━━━━━ Entries shown ━━━━━
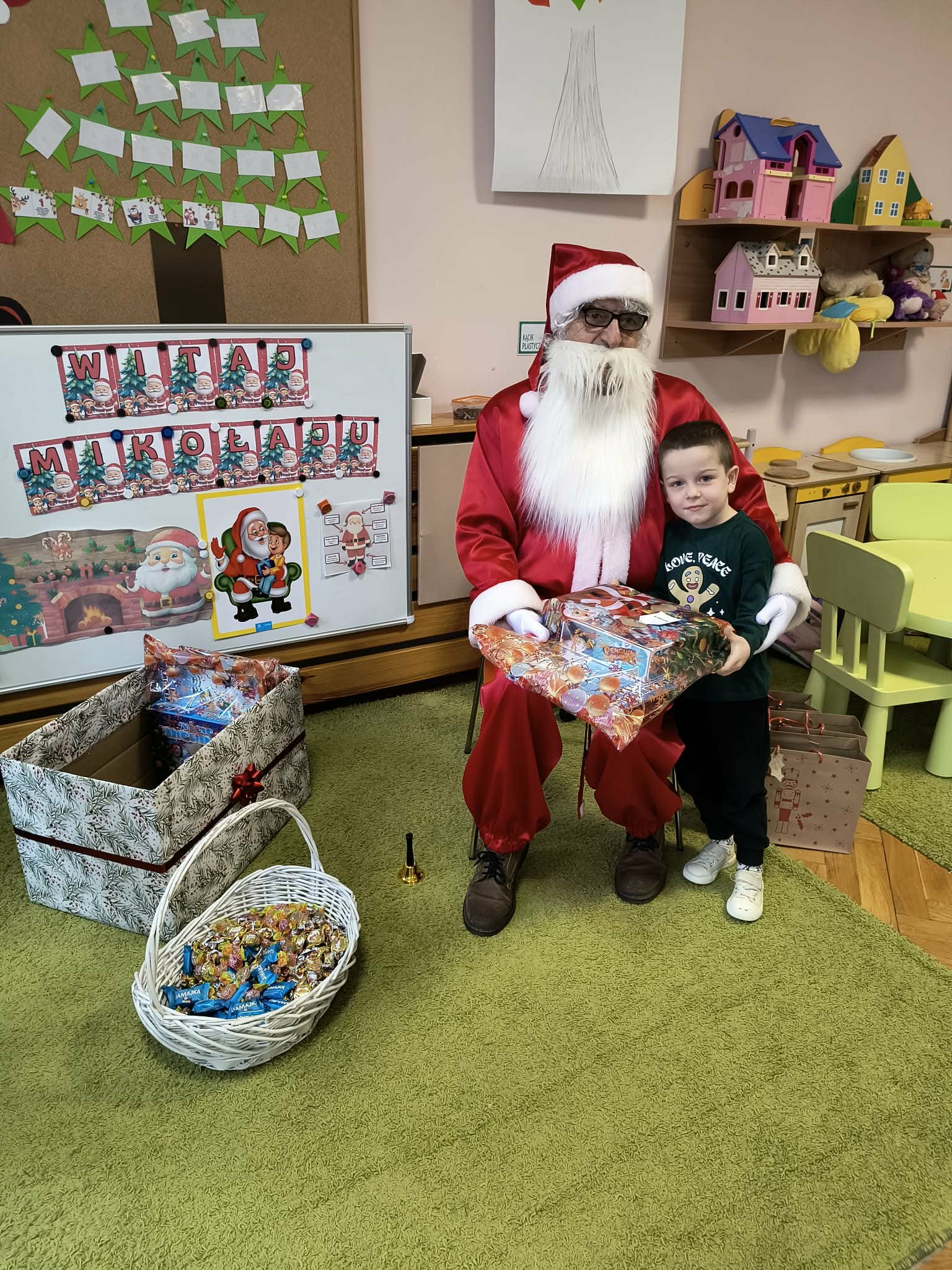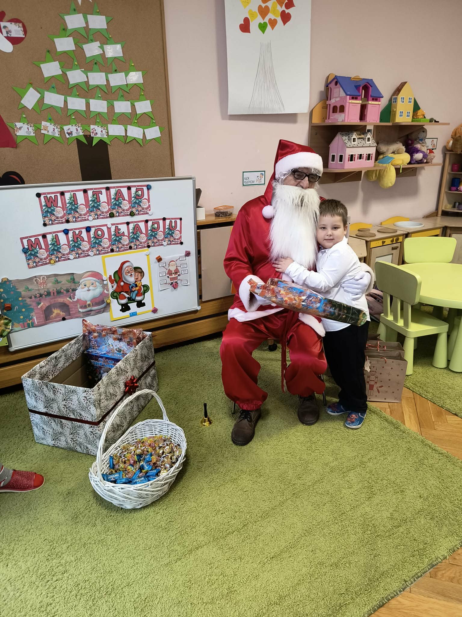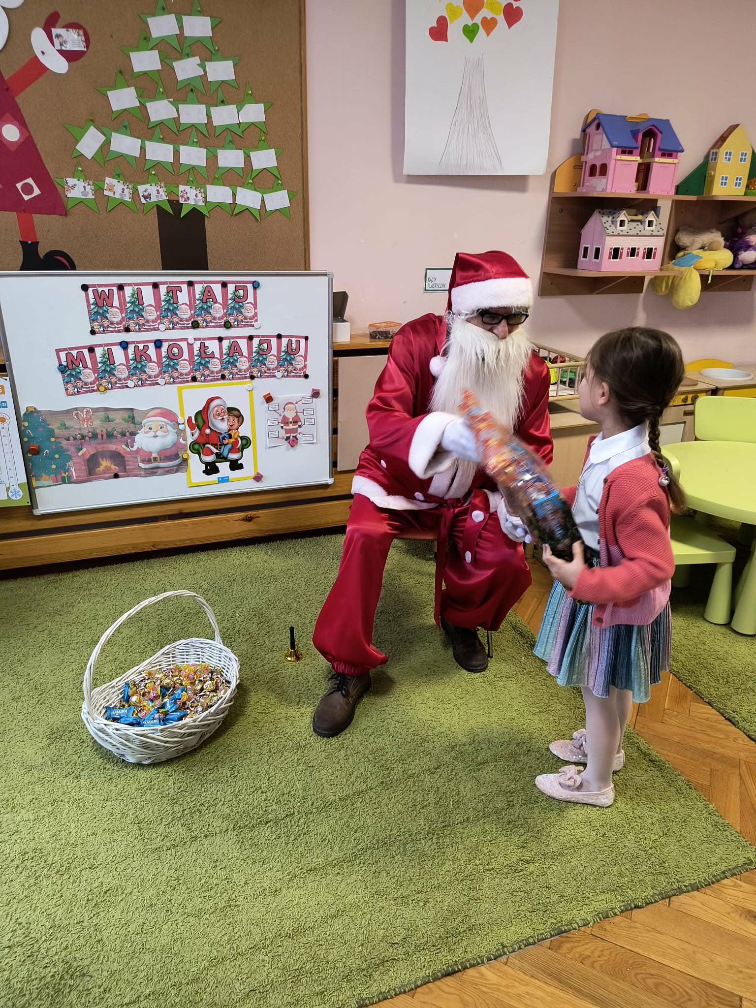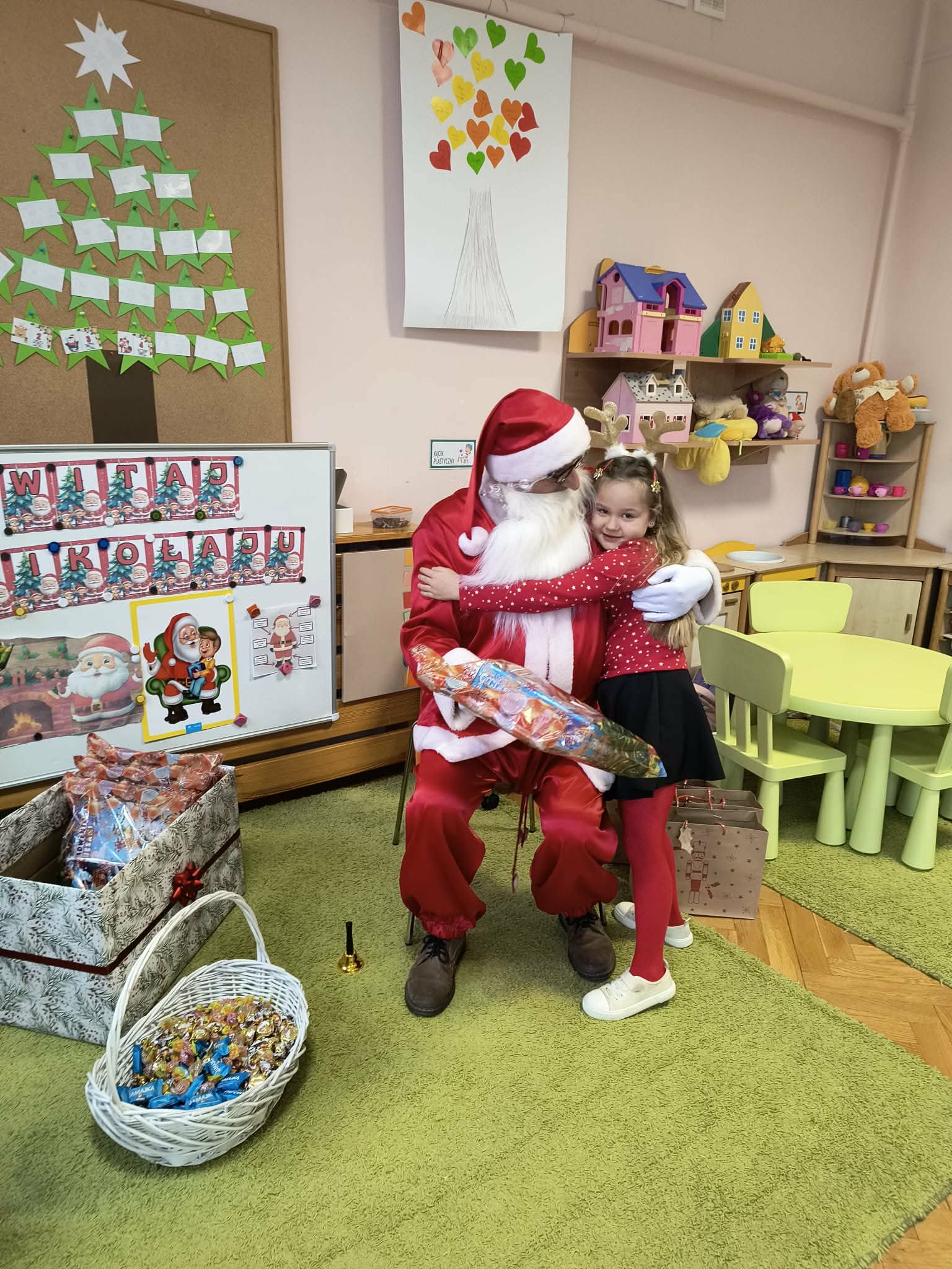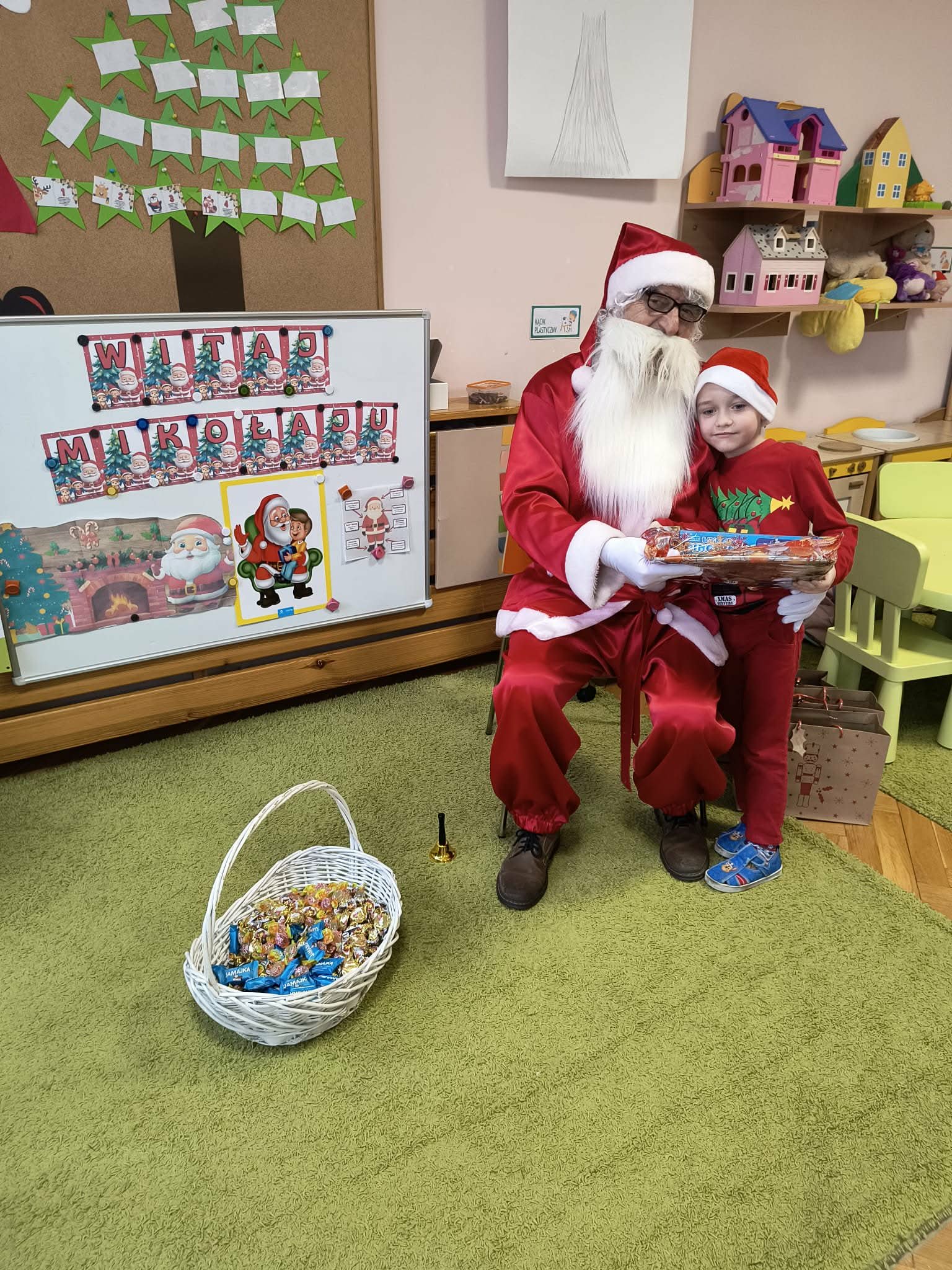 Kulminacją świątecznych przygotowań była wizyta Świętego Mikołaja, która odbyła się 5 grudnia. Przedszkole wypełniło się atmosferą radości, świątecznych dźwięków i ekscytacji. Dzieci z wielkim przejęciem oczekiwały na przybycie gościa. Gdy Mikołaj pojawił się w przedszkolu, powitały go przygotowanymi wcześniej piosenkami, które zaśpiewały z ogromnym entuzjazmem.
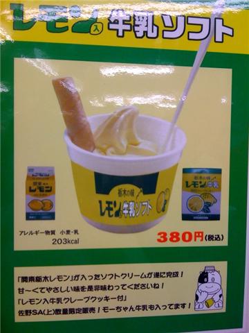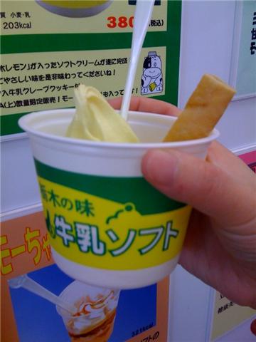 佐野SAで行列ができてたレモン入牛乳ソフト。
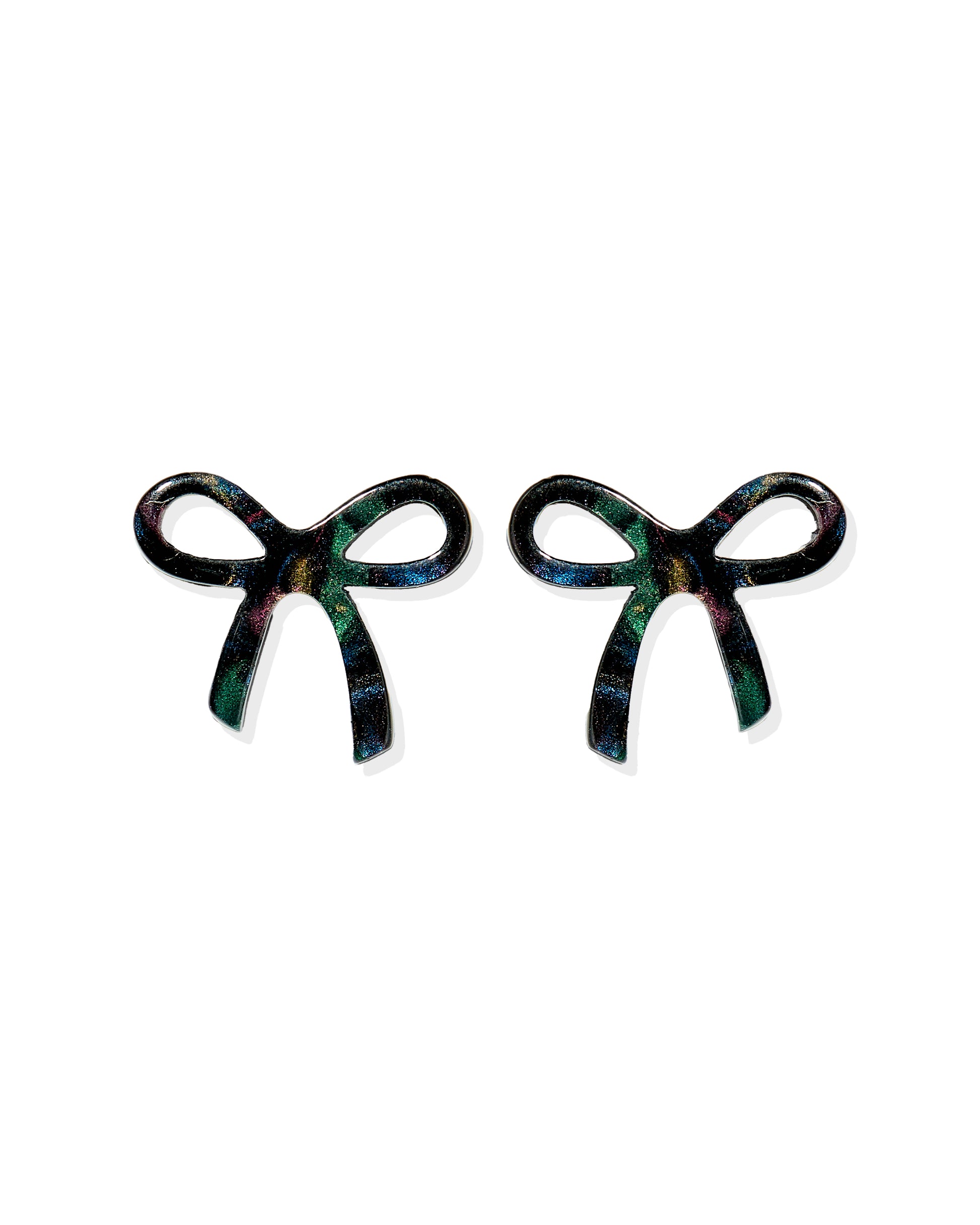 The Kylie Bow Earrings in Black Iridescent bring a touch of understated elegance with their sophisticated design. These 25mm acetate bows feature a sleek black base with subtle iridescent marbling, creating a refined yet eye-catching effect. Mounted on stainless steel earring posts, they offer durability, comfort, and hypoallergenic qualities, making them safe for sensitive ears. Whether dressing up for a formal event or adding elegance to your everyday attire, these earrings are the perfect blend of simplicity and shimmer.
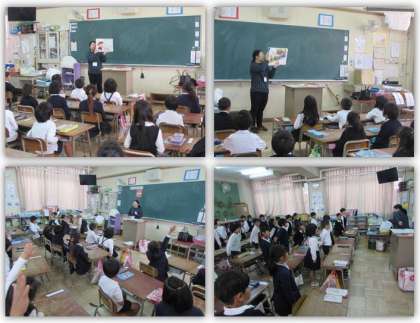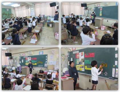 本日、北津守小学校の栄養教諭の方にお越しいただき、1年生の食育を行いました。本日は、元気な体を作るための3つの栄養「赤」「緑」「黄」のグループについて、学習しました。
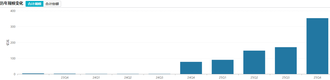 相对而言,债券基金规模增长更为迅猛,2024年三季度还只有3.35亿元,同年四季度突破百亿元,2025年末达到419.86亿元,占全部基金规模的73%左右。
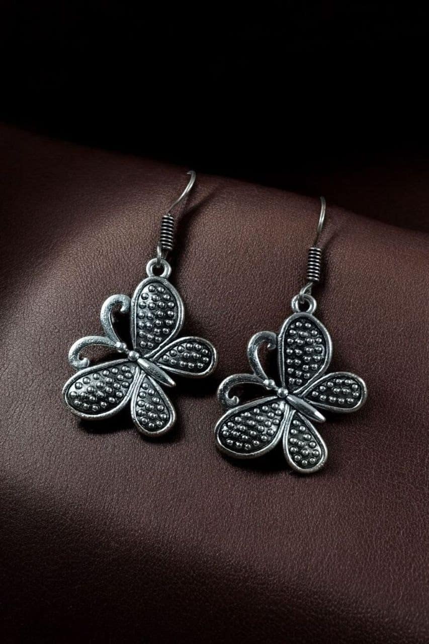 Embrace everyday elegance with these silver plated butterfly dangler earrings – stylish, feminine, and endlessly wearable
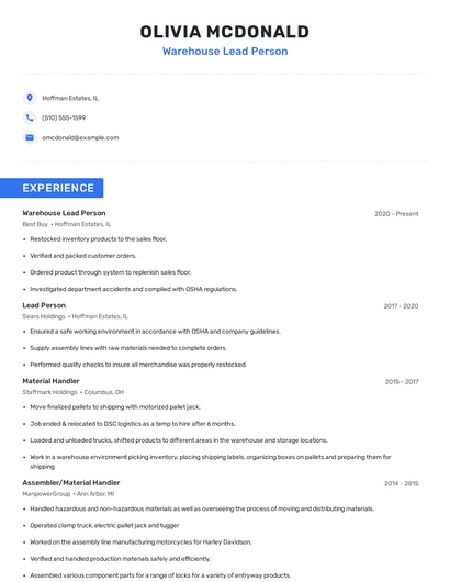 Build a professional warehouse lead person resume in minutes. Browse through our resume examples to identify the best way to word your resume. Then choose from 5+ resume templates to create your warehouse lead person resume.
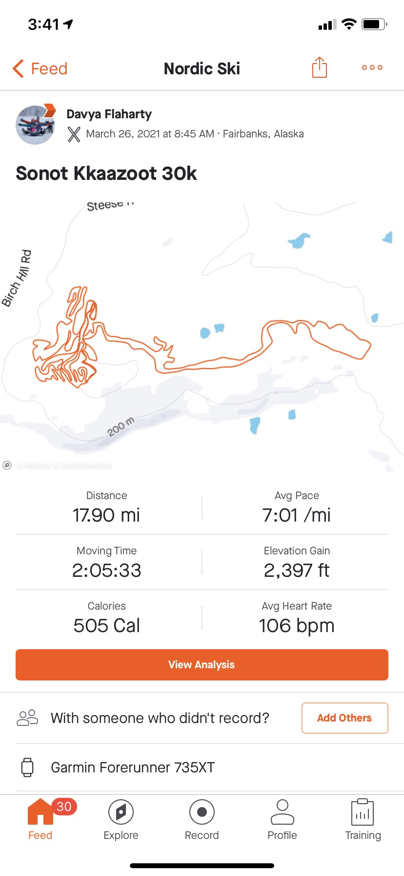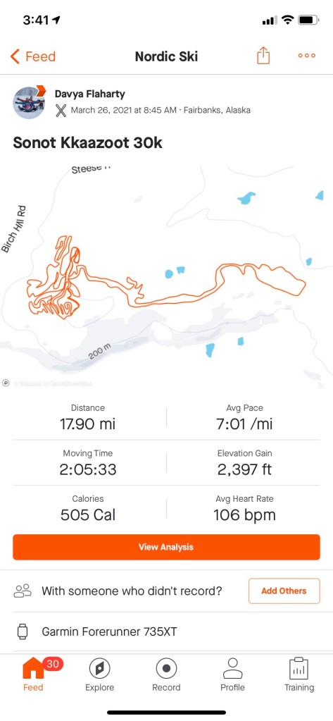 Description: My first Sonot Kkaazoot experience! I had taken Kristen Rozell’s Tuesday night “Train for the Sonot Kkaazzoot” class last spring only to have everything canceled, so I was excited to take her class again this spring. I didn’t V2 nearly as much as we practiced, without the river portion this year, but my technique sure has improved! A number of us from class started the race together on Sunday morning so I appreciated the extra motivation. I felt better over the last 20 k then the first 10 k as it warmed up a bit. Perhaps the adrenaline rush from the moose that crossed in front of me at the end of Relay was what helped me pick up the pace! Big thanks to Kristen and all of the teachers from NSCF for the wonderful variety of excellent class offerings for all levels. I’m looking forward to building up to the 50 k next year!”
━━━━━
● Task directions
Return the records above exactly, without the pictures.

● Problem solution
 Kulminacją świątecznych przygotowań była wizyta Świętego Mikołaja, która odbyła się 5 grudnia. Przedszkole wypełniło się atmosferą radości, świątecznych dźwięków i ekscytacji. Dzieci z wielkim przejęciem oczekiwały na przybycie gościa. Gdy Mikołaj pojawił się w przedszkolu, powitały go przygotowanymi wcześniej piosenkami, które zaśpiewały z ogromnym entuzjazmem.
 佐野SAで行列ができてたレモン入牛乳ソフト。
 The Kylie Bow Earrings in Black Iridescent bring a touch of understated elegance with their sophisticated design. These 25mm acetate bows feature a sleek black base with subtle iridescent marbling, creating a refined yet eye-catching effect. Mounted on stainless steel earring posts, they offer durability, comfort, and hypoallergenic qualities, making them safe for sensitive ears. Whether dressing up for a formal event or adding elegance to your everyday attire, these earrings are the perfect blend of simplicity and shimmer.
 本日、北津守小学校の栄養教諭の方にお越しいただき、1年生の食育を行いました。本日は、元気な体を作るための3つの栄養「赤」「緑」「黄」のグループについて、学習しました。
 相对而言,债券基金规模增长更为迅猛,2024年三季度还只有3.35亿元,同年四季度突破百亿元,2025年末达到419.86亿元,占全部基金规模的73%左右。
 Embrace everyday elegance with these silver plated butterfly dangler earrings – stylish, feminine, and endlessly wearable
 Build a professional warehouse lead person resume in minutes. Browse through our resume examples to identify the best way to word your resume. Then choose from 5+ resume templates to create your warehouse lead person resume.
 Description: My first Sonot Kkaazoot experience! I had taken Kristen Rozell’s Tuesday night “Train for the Sonot Kkaazzoot” class last spring only to have everything canceled, so I was excited to take her class again this spring. I didn’t V2 nearly as much as we practiced, without the river portion this year, but my technique sure has improved! A number of us from class started the race together on Sunday morning so I appreciated the extra motivation. I felt better over the last 20 k then the first 10 k as it warmed up a bit. Perhaps the adrenaline rush from the moose that crossed in front of me at the end of Relay was what helped me pick up the pace! Big thanks to Kristen and all of the teachers from NSCF for the wonderful variety of excellent class offerings for all levels. I’m looking forward to building up to the 50 k next year!”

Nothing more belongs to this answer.